Poesia e adversidade

Na TV Globo com Paulo Autran, Fernanda Montenegro e Diléa Frate. Conversa amena, tranqüila
Paulo Autran
01/01/2014

15.12.1983
Na TV Globo com Paulo Autran, Fernanda Montenegro e Diléa Frate. Conversa amena, tranqüila. Paulo leu os textos que escrevi para a “Retrospectiva 1983”, programa de fim de ano da emissora — lia e ia gostando, sorrindo. O título que sugeri foi 1983 — Com o coração na mão. Foi uma boa experiência. Usei de poemas que tinha, fiz outros: inseri poesia na TV. Um caminho. Acho que é conseqüência daquele que abri com o Jornal do Brasil, jogando poesia no jornal.

Paulo Autran lembrava da Belo Horizonte dos anos 1960, ou fins de 1950: aquela Geração Complemento, o balé do Klauss Vianna, o Teatro Experimental. Naquele tempo, cheguei a pedir/insinuar que Paulo gravasse uns poemas meus. Menino metido! O disco — fantasiava eu — seria só para mim. Ia gravá-lo no estúdio da Rádio Inconfidência. Pura fantasia que não deu certo, obviamente. Mas Autran, na ocasião, me tratou bem. Agora lembrávamos disto com certa doçura.

Curioso: ganhei mais com esses poemas na Globo e na Estrutural do que com os livros de poesia. Quer saber? Eu me sinto numa ótima, na força da criação. Poderia escrever hoje A divina comédia e, amanhã, a Eneida.

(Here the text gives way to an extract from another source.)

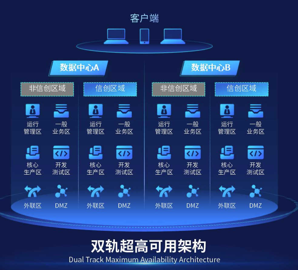 通过架构的革新,神州云科首次在业界提出了双轨超高可用架构(DTMAA)。所谓DTMAA,是神州云科为满足企业面临自主创新IT基础重构所推出的全新架构, 架构在双活数据中心的分区调度基础上,添加每个数据中心内信创域和非信创域的分域调度,来实现分区分域协同的多活双轨超高可用。帮助客户在新架构下,提升应用可持续性,解决性能瓶颈,提升稳定性,在服务异常情况下,可以通过实时灰度调度的方式,切换流量,保留应用故障现场环境,便于后续的排错与根因定位。
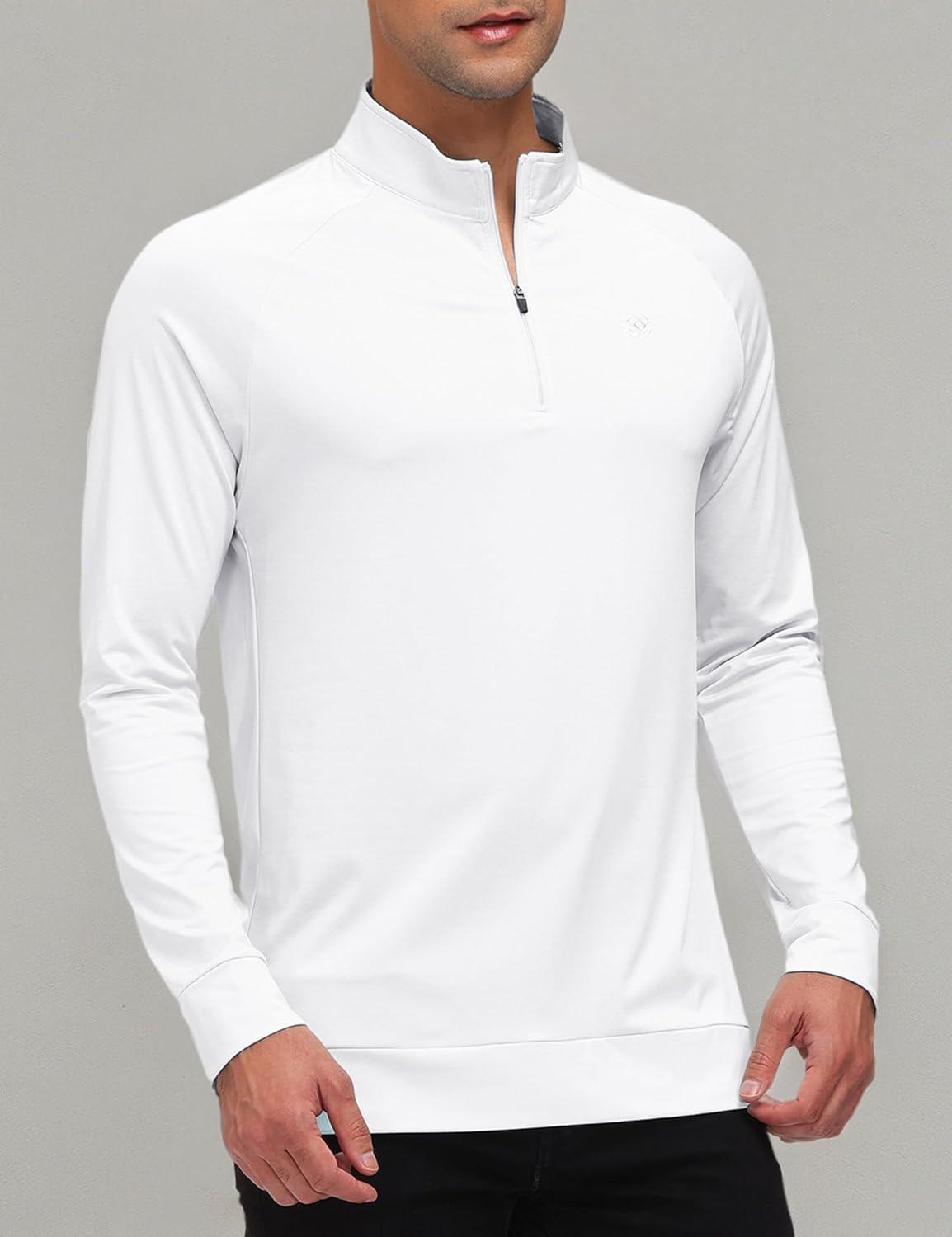 JINSHI Mens Long Sleeve Quarter Zip Pullover Stand Collar Active Golf Polo Shirt 1/4 Zipper Fleece Lining Workout Top(A-white)

(Nota em 2013: Paulo Autran participou do CD de crônicas minhas editadas pelo Paulinho Lima, Luz da Cidade, anos 1990.)

11.11.1989
Ouvindo uma vez mais o disco de poemas de Aragon musicados por Léo Ferré, me ocorreu a necessidade de um ensaio/crônica — A traição dos poetas — sobre o divórcio entre poesia e público, coisa que aconteceu na medida em que os poetas passaram a escrever para si (para ninguém). Ouvindo o disco, penso nos que sabiam se comunicar, como Éluard, Lorca, Neruda, Pessoa, Whitman, etc. Os poetas pararam com as “canções” tipo Lorca. Isto faz falta. Os músicos populares sozinhos não podem.

07.02.1990
Uma coisa impressionante: o projeto gráfico de um livro sobre o pintor Iberê Camargo. A primeira seqüência de fotos disposta como se fossem quadrinhos de cinema, e ele de corpo inteiro atuando diante de uma tela, pintando. No final, depois das coisas sobre a sua obra, uma nova série impressionante de fotos: desta vez ele diante de um stand de tiro, fazendo pose e disparando. As fotos de pintura e as de tiros são parecidíssimas.

Nota: em 5 de dezembro de 1980, Camargo matou a tiros um cidadão desconhecido na rua, supostamente ao interferir em sua briga com uma mulher. Se a Justiça soubesse dessas fotos na época do julgamento, o que faria?

15.09.1990
Num encontro ocasional com Leandro Konder, saúdo-o dizendo/provocando: “Li o artigo em que seu irmão (Rodolfo) rasga a fantasia e abjura o Partido, na Playboy”.

Ele sorri discretamente, sem comentar. Para aliviar, falo que acho bonito a relação dele com o José Guilherme Merquior: tão opostos e, no entanto, tão corteses entre si. Referia-me a um artigo seu sobre mais um livro de Merquior.

Leandro me conta, então, que Merquior foi muito útil e gentil quando Rodolfo esteve preso: dava, mesmo através da embaixada, notícias constantes sobre ele. Foi gentil, também, convidando-o para jantar em seu apartamento de diplomata várias vezes, quando Konder, no exílio, “passava fome”. Disse que ia lá e tirava a barriga da miséria.

É curioso ver como a amizade neste caso reverte a uma coisa positiva — respeito mútuo —, apesar das diferenças ideológicas. Merquior, agressivo com os esquerdistas, respeita Leandro.

Affonso Romano de Sant'Anna

É poeta, cronista e ensaísta. Autor de Que país é este?, entre outros. A coluna Quase diário foi publicada no Rascunho até fevereiro de 2017.